Microsoft’s More Personal Computing division, which includes sales of the Windows operating system, Xbox consoles, Surface devices and Bing advertising revenues, generated $14.36 billion in sales, up from $14.09 billion a year earlier but below the forecast of $14.63 billion.

Meanwhile the Productivity and Business Processes unit, which includes the Office productivity software, Dynamics and LinkedIn, pulled in revenue of $16.6 billion, just below Wall Street’s forecast.

Constellation Research Inc. analyst Holger Mueller said that, like Google, Microsoft has been pulled down into teen growth numbers due to the loss of “pandemic effects” and an upcoming recession. At the same time, he said the stronger U.S. dollar has also impacted its bottom line.

“Not only did revenue grow at its slowest rate in two years, but Microsoft also missed the $200 billion mark in annual revenue, having been on track to hit that milestone earlier in the fiscal year,” Mueller said. “The growth engines for Microsoft are Azure, which is not surprising, server products and cloud services, plus LinkedIn and Dynamics 365, both of which were major surprises. Windows OEM and Xbox are the major two businesses that are not growing. The pressure is on Satya Nadella to create more interest in the company among investors, with the company’s stock now down more than the wider S&P Index.”

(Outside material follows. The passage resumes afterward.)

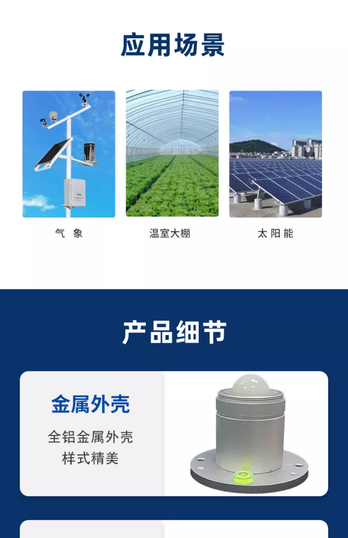 光電傳感器,又稱為光合作用主動輻射傳感器,是一種測量光合有效輻射的儀器,對弱光有較高響應的傳感器。內部纏繞熱電堆,表面涂有高吸收率的黑色涂層。熱接點在傳感面上,冷接點位于體內,產生溫差電勢。在線性范圍內,輸出信號與太陽輻照度成正比。通過濾光片的可見光照射進口光電二極管,轉換成電信號,會進入傳感器的處理器系統,從而輸出所需的信號。

Analyst Charles King of Pund-IT Inc. told SiliconANGLE that Microsoft’s earnings report offers a snapshot of what happens when circumstances force both businesses and consumers to become cautious. Businesses tend to focus mainly on the products and services crucial to maintaining their operations and competitive edge, he explained, while consumers tend to emphasize “must have” purchases over “nice to have” products, such as new Xboxes and PCs. Those trends can be seen in Microsoft’s results, he added.

“Impacting all this are the currency fluctuations that are affecting many other global businesses and the continuing supply chain issues, particularly those complicated by China’s zero-COVID policy,” King said. “Overall, though, the breadth and depth of Microsoft’s solutions and services portfolios helped the company achieve an admirable balance in what were, by any measure, extremely challenging circumstances.”

The company said it lost $126 million in operating expenses from its decision to stop selling products and services in Russia.

During the quarter just gone, Nadella told employees they can expect to receive pay increases,. The company also launched new services to help customers deal with security issues.